Короче говоря, заплечных дел мастер. Профессионал. В свое время я на таких насмотрелся. Как с близкого расстояния, во время дружеских междусобойчиков, так и через бруствер окопа в прицел снайперской винтовки. С виду он был неказист, сухощав, востронос, но его совершенно неподвижные оловянные зенки выдавали в нем патологического убийцу. Этот сукин сын смотрел на меня искоса, ничего не выражающим взглядом – как на пустое место. Лет ему набежало чуть больше, чем мне. Может, тридцать с небольшим. Его руки были когда-то обожжены, и теперь страшные рубцы и тонкая, почти прозрачная кожа вызывали нехорошее чувство, похожее на неприятие смешанное с отвращением.
– Фамилия? – отрывисто спросил барин.
– Чья? – Я хлопал ресницами с глупым видом; лучше быть живым недоумком, нежели мертвым умником.
– Твоя, – с нажимом сказал хозяин кабинета.
– Гена я, Чернов, – сказал я торопливо; и добавил: – Александрович… гы…
– Значит, парни не ошиблись… – Барин задумчиво покивал начинающей седеть головой. – Пришла пора, Чернов, познакомиться с тобой поближе. Что скажешь?
– Вы начальник, вам видней… – пожал я плечами с обреченным видом.
– Это ты в яблочко попал. Ну, ладно, времени у нас не так много, а потому сразу начнем с главного. Тебя не удивляет место, в которое ты попал?
– Я уже привык… что меня хватают за здорово живешь и запихивают куда ни попадя.

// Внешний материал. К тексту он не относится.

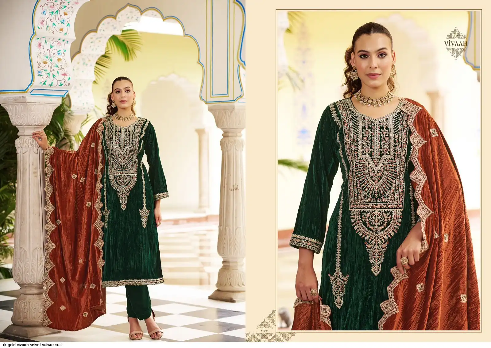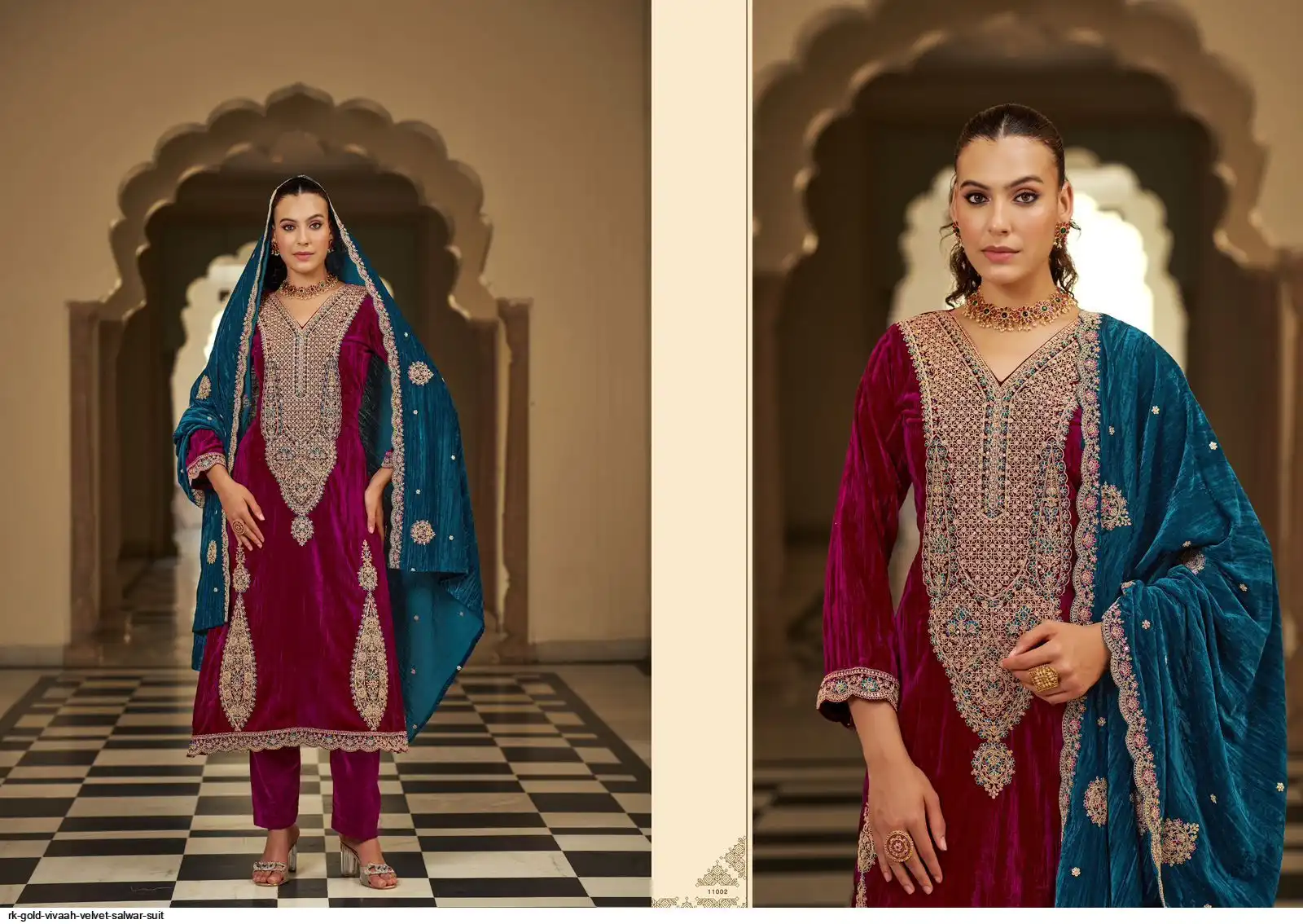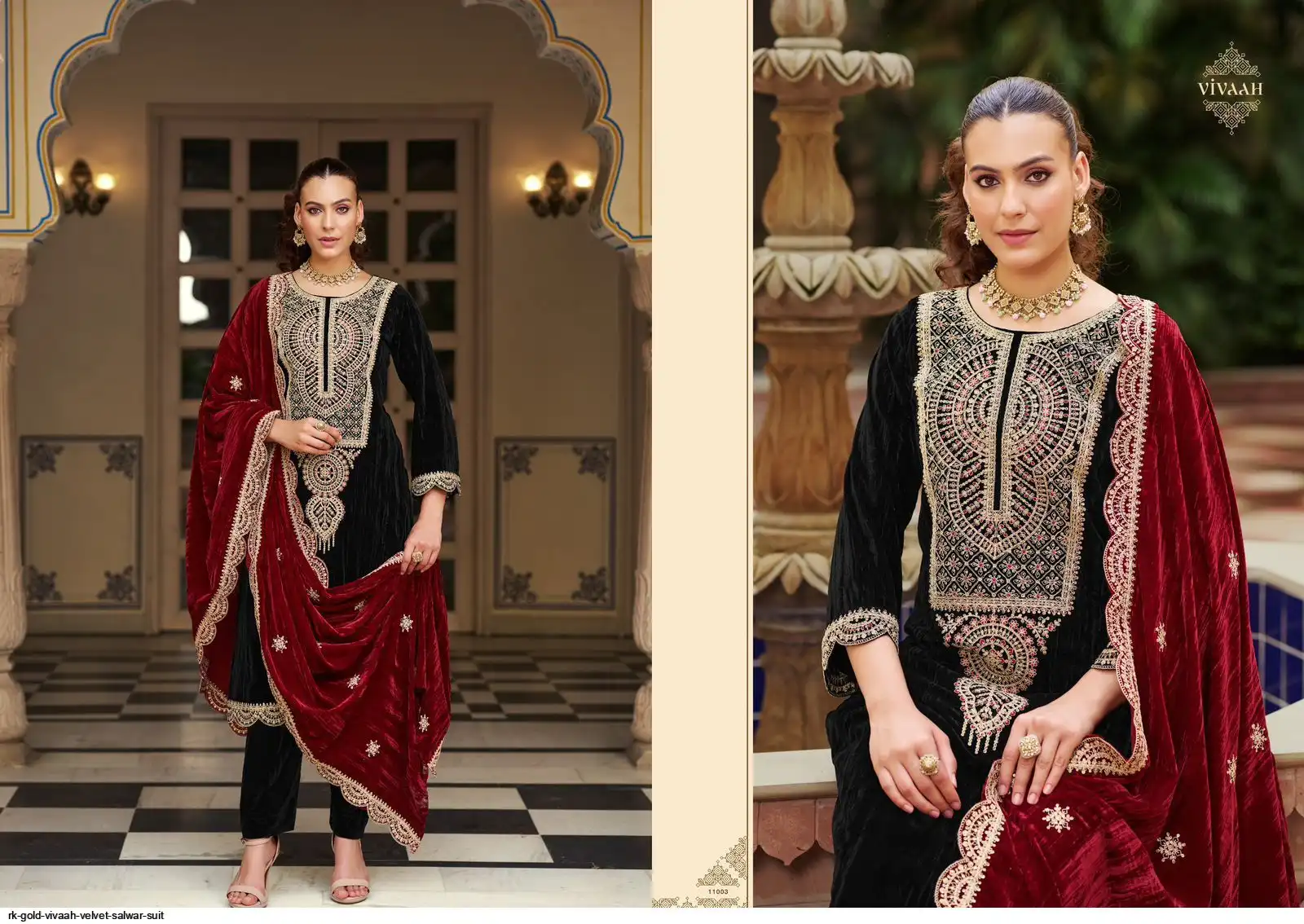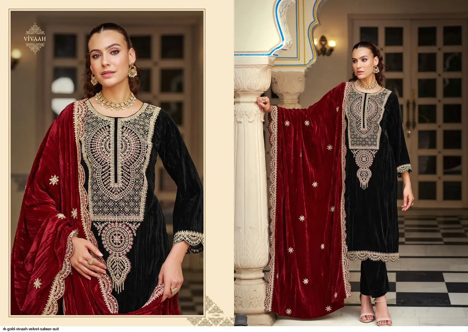 Dupatta: Premium CRUSH VELVET DESIGNER STYLE EMBROIDERYWITH CUT WORK; Cut: 2.25 mts

– Хорош гусь… – Хозяин кабинета коротко хохотнул. – Ты, оказывается, фаталист. Я вижу, тебя не волнует даже то, что застрелили твоих дружков.
– Не понял… Это когда? И где? И вообще – у меня нету никаких дружков.
– А ты оказывается лгунишка. – Барин явно был в хорошем расположении духа. – А те мужики, которые похитили тебя из тюрьмы?
– Похитили!? – Теперь я изумился совершенно искренне. – Нет, вы ошибаетесь! Меня перевозили, скорее всего, из ИВС в настоящую тюрьму.
– Почему так думаешь?
– Это тайна следствия… но не для вас. Я скажу честно. Меня приняли за наемного убийцу.
Вы представляете!? Это не лезет ни в какие ворота. Менты шьют мне дело.
– Вон даже как… – Барин явно веселился. – Это же нужно, совершенно невинного человека сажают в следственный изолятор…
– Вам смешно, а мне совсем не до смеха. – Я обиженно надулся.